Ноль (00:00) - Волкова Оксана Андреевна. Страница 3

Так смотрят бумагу, когда хотят увидеть не написанное, а нажатое.

Я положила конверт оборотом вверх и повернула его боком к лампе.

Синие буквы поднялись из бумаги тенями — каждая со своим гребнем и своей канавкой, и по глубине канавки я видела, где рука шла медленнее, а где отпустила. Всё как обычно. Всё как в сотне заключений, которые я подписала.
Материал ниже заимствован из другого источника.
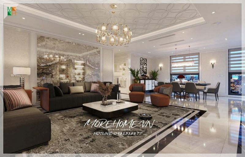 Sofa phòng khách hiện đại màu xám kết hợp với bàn trà tinh tế góp phần mang đến sự sang trọng, thân thiện ngay khi bước chân vào căn phòng.
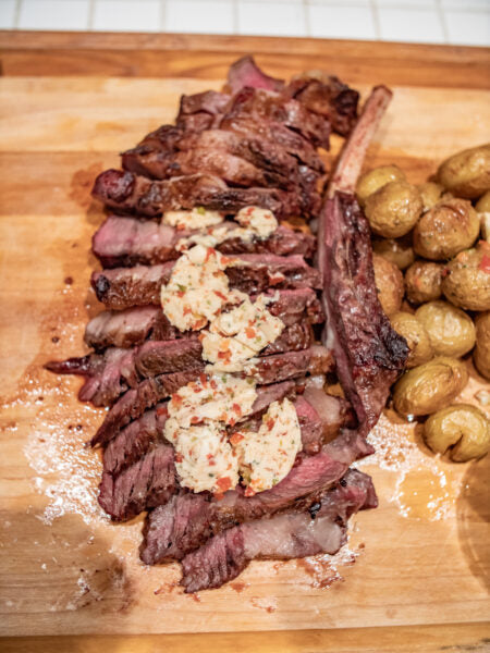 The bison ribeye is cut from the primal section of our South Dakota born and raised bison. Sometimes they come as ribeye steaks, and if you're lucky, sometimes they come as rib steaks with the handle sticking out. Either way, these steak cuts are a nice combination of the satisfying size of a Strip Steak with a more tender, slightly more fatty texture. If you want to impress family for the holidays, try doing it with the one thing everyone has always wanted to try, a South Dakota buffalo ribeye. Do NOT let the grill master over cook these babies!! Salt with pepper and three minutes a side!
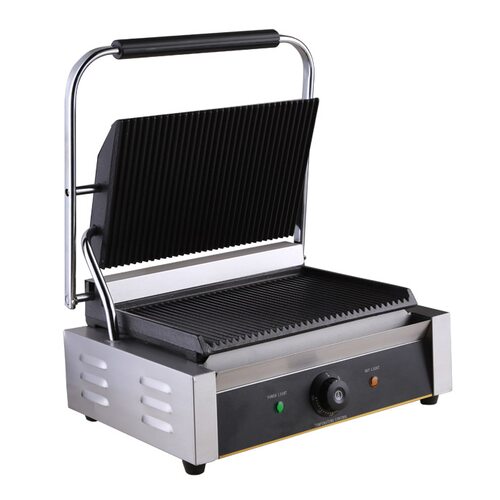 Контактный гриль, верхняя и нижняя рабочая поверхность рифленные с антипригарным покрытием, размер поверхностей 360х230 мм.
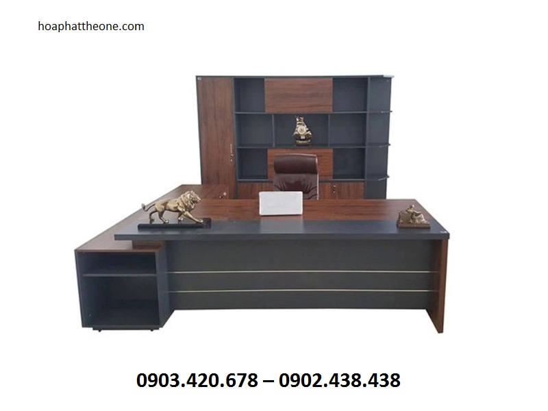 Đây là mẫu bàn ghế giám đốc cao cấp được thiết kế với vẻ đẹp sang trọng và lịch lãm. Màu sắc vân gỗ nâu trầm kết hợp cùng xám đen càng tạo sự uy quyền. Kích thước của bàn làm việc là W2700 x D2005 x H760mm. Đây cũng chính là kích thước tiêu chuẩn được đánh giá coa từ khách hàng.

А потом я увидела то, что было под ними.

Волокно держало отпечаток поверхности, на которой лежал конверт, когда на нём писали. Бумага такой плотности берёт этот след только при сильном нажиме и только с шершавого. Свет вдоль поверхности вытянул его весь: параллельные полосы, идущие наискось к строке, широкие, с двумя близко сдвинутыми линиями и характерным раздвоением у левого края.

Дерево. Дуб, вдоль волокна.

Я сидела с конвертом у лампы и смотрела на этот рисунок и узнавала его так же безошибочно, как узнают почерк.
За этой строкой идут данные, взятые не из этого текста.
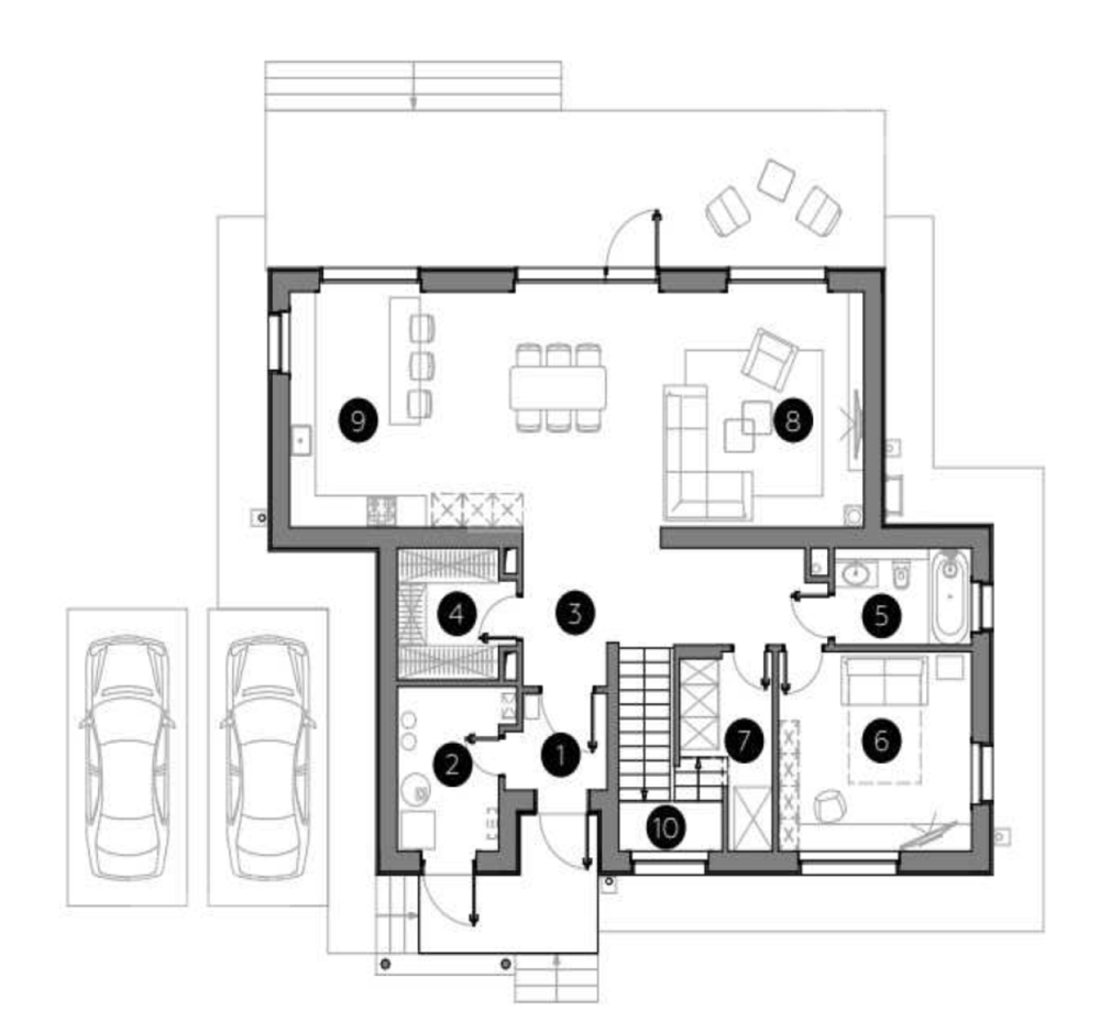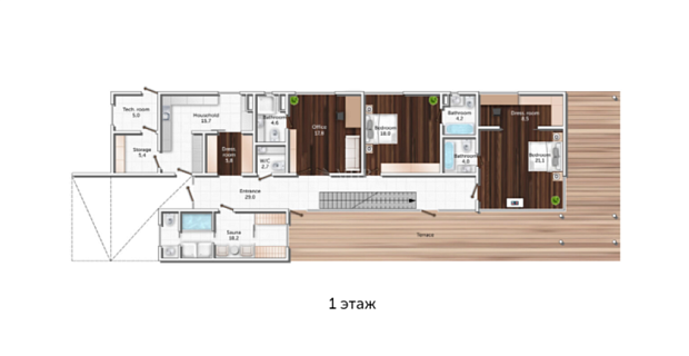 1-й этаж: прихожая, холл, гардеробная, с/у, гостиная, кухня-столовая, кабинет-спальня, кладовая, котельная, терраса;

Раздвоение у левого края. Две сдвинутые линии. Я вижу их каждое утро, пока пью чай, — они выходят из-под кружки и уходят под тарелку.

Я ела за этим рисунком вчера.

Надпись сделали на моём кухонном столе.

* * *

Я просидела так до девяти, пока не пришли остальные и не начался обычный день: описи, формуляры, чужие квартиры, оставшиеся без хозяев. Я работала ровно. Я даже пообедала.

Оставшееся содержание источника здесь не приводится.